What does V-token mean in the OmniDocBench leaderboard?

V-token (visual tokens) is the maximum number of image patches the model processes per page. Think of it as the model's "retina resolution" — each token is a learned embedding of a small image region. Why it matters: • Cost — More tokens = higher API costs or GPU time • Latency — Attention is O(n²), so 5× more tokens ≈ 25× more compute • Context — Multi-page docs exhaust context windows fast DeepSeek-OCR 2 uses only 1,120 tokens while most competitors use 6,000+, making it ~5× more efficient with comparable quality. This translates to significant cost savings at production scale.

What's the difference between OmniDocBench and olmOCR-Bench?

They test different aspects of document processing: OmniDocBench v1.5 evaluates end-to-end document parsing with granular metrics: • Text extraction (edit distance) • Table structure (TEDS) • Formula recognition (CDM) • Reading order preservation olmOCR-Bench uses pass/fail "unit tests" for PDF linearization — more like "did you preserve the important bits?" than a quality score. When to use each: • OmniDocBench gives more detailed diagnostics — useful for understanding where your model fails • olmOCR-Bench is faster to run and covers more document types (arXiv, historical scans, etc.) Both are valuable; they're complementary, not competing. See our olmOCR-Bench deep dive.

Why do pipeline models show '—' for V-token?

Pipeline systems (marked with *) use separate specialized components — a layout detector, an OCR engine, a table parser, a formula recognizer — each with its own vision encoder. There's no single "visual token budget" to report because: • Each component may process images differently • Some components don't use transformers at all • The total compute isn't reducible to one number The V-token metric only makes sense for unified VLM architectures that process the whole page in one forward pass.

Who created OmniDocBench?

OmniDocBench is from Shanghai AI Laboratory and academic collaborators, published at CVPR 2025. • Dataset & toolkit: Hosted on OpenDataLab, their data platform • Code: Available on GitHub • Paper affiliations: Shanghai AI Laboratory, plus collaborators from Abaka AI and 2077AI OpenDataLab is the data/benchmark platform project under Shanghai AI Lab — think of it as their "data hub" for AI research.

Can I compare OmniDocBench v1.0 and v1.5 scores?

No — v1.5 was a major update with breaking changes: • More pages in the dataset • Higher-resolution images for some document types (newspapers, notes) • Updated "hybrid matching" evaluation logic that merges/splits predictions to find best matches • Different penalty behavior for minor formatting differences A model that scored 88 on v1.0 might score 85 or 91 on v1.5. The benchmarks aren't directly comparable. Always check which version a paper used before comparing results. This page uses v1.5 results only.

What does '(paper)' mean next to DeepSeek models?

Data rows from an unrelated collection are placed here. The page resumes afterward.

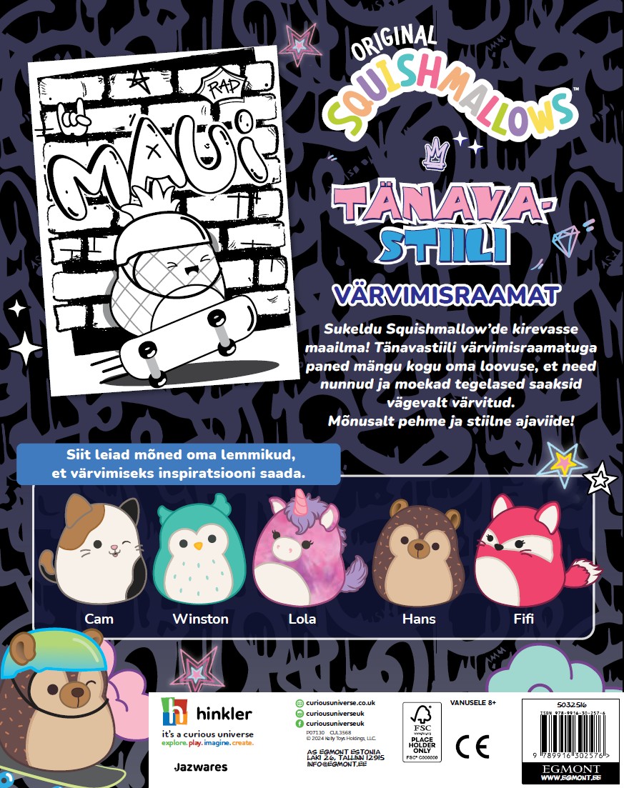 Sukeldu Squishmallow’de kirevasse maailma! Tänavastiili värvimisraamatuga paned mängu kogu oma loovuse, et need nunnud ja moekad tegelased saaksid vägevalt värvitud. Mõnusalt pehme ja stiilne ajaviide!
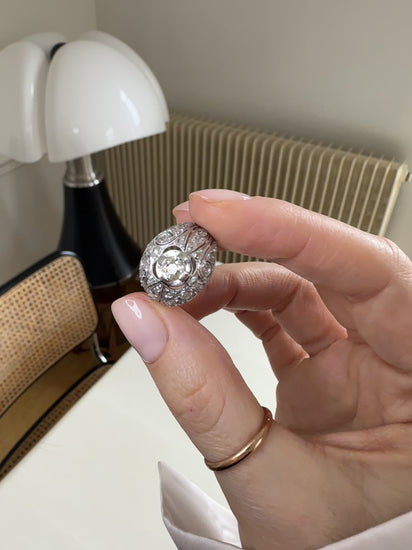 18Kホワイトゴールドとプラチナのドーム型リング(ホールマーク:ドッグヘッドとイーグルヘッド)。センターに推定約0.40カラット(カラー推定K、クラリティ推定I)のオールドカット・ダイヤモンドをセットし、その周囲に推定約0.35カラットのローズカット・ダイヤモンドをセット。
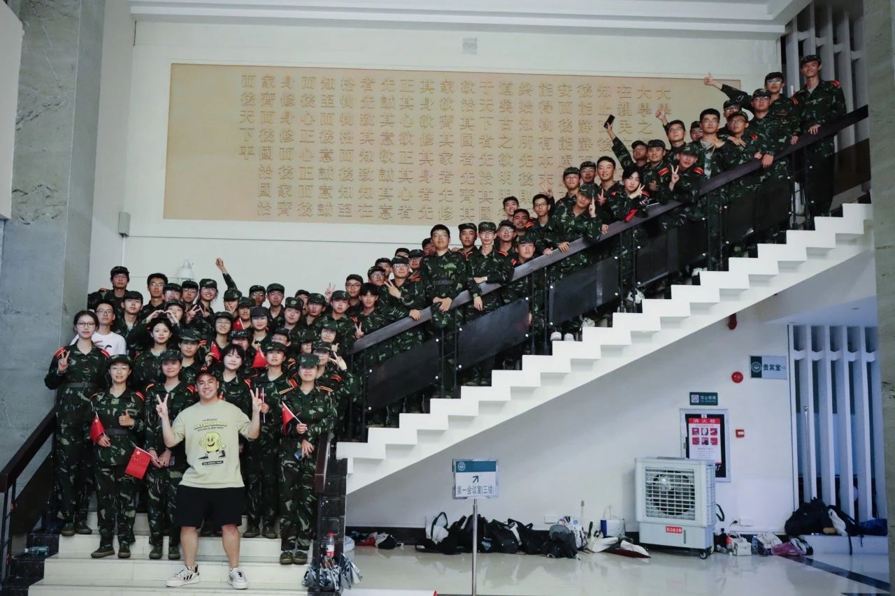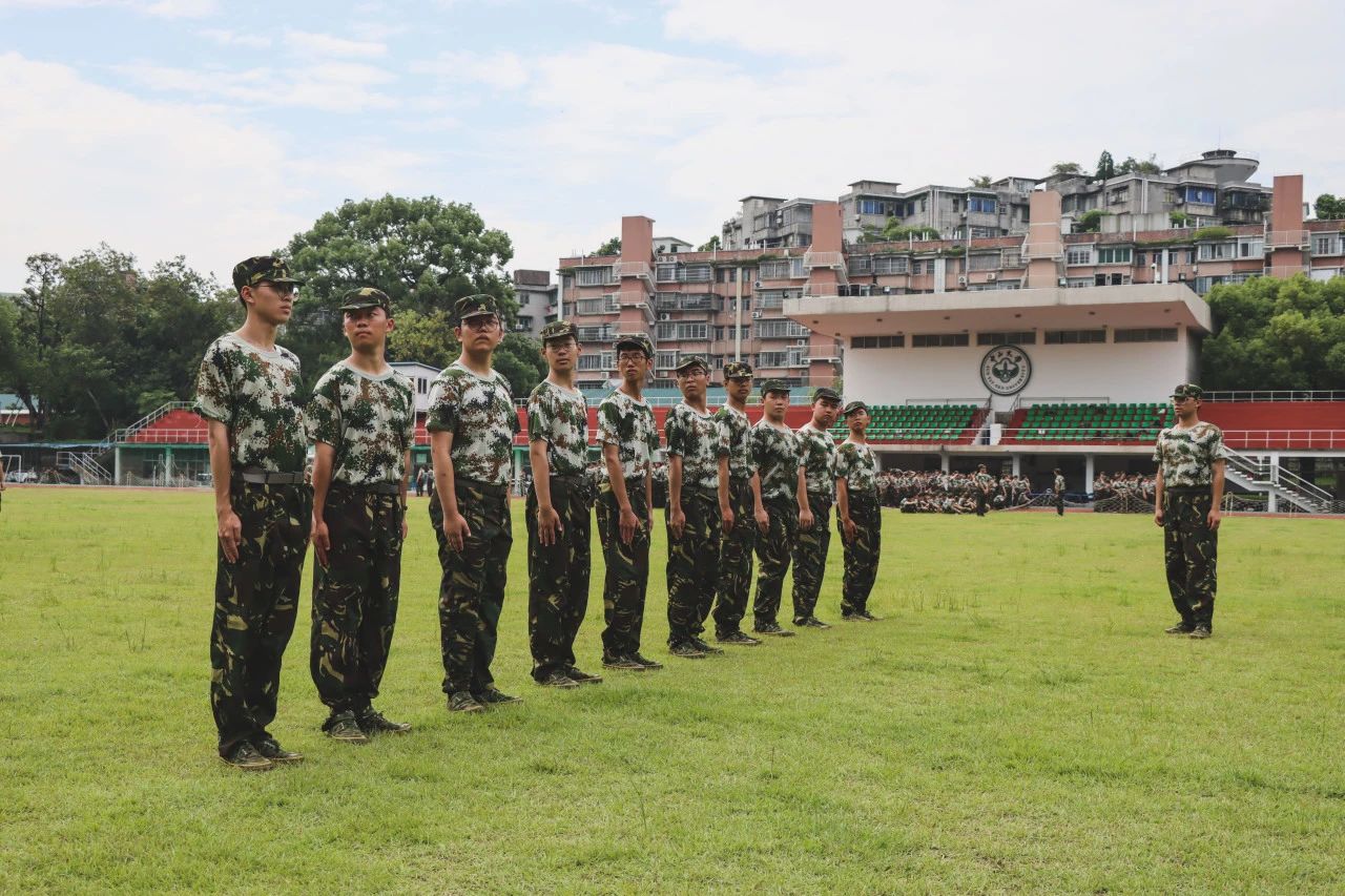 半个月的暴雨、台风与烈日交织,灌铸并磨砺着我们心中的军魂。暴雨中的不屈身影,烈阳下的滴滴汗水,每一位学子忍受着肉体的酸痛依然在一声声气冲云霄的口令下专注投入每一次分列式的练习。外表严厉刀子嘴豆腐心的车哥哥和宋哥哥被我们一次次训练的认真与出色打动。他们在分列式训练时的认真严格,合唱应援时的卖力呐喊,军训总结时的由心夸赞无一不是我们半月军训的最佳总结。

The DeepSeek rows are the paper authors' own evaluation runs, overlaid onto the OmniDocBench reference table. • DeepSeek rows: Evaluated by the DeepSeek team for their paper • Other rows: From the official OmniDocBench repository leaderboard Both use the same evaluation protocol and code, so results are comparable. The label just indicates the source of the evaluation, not a different methodology.

Why isn't Reading Order included in the Overall score?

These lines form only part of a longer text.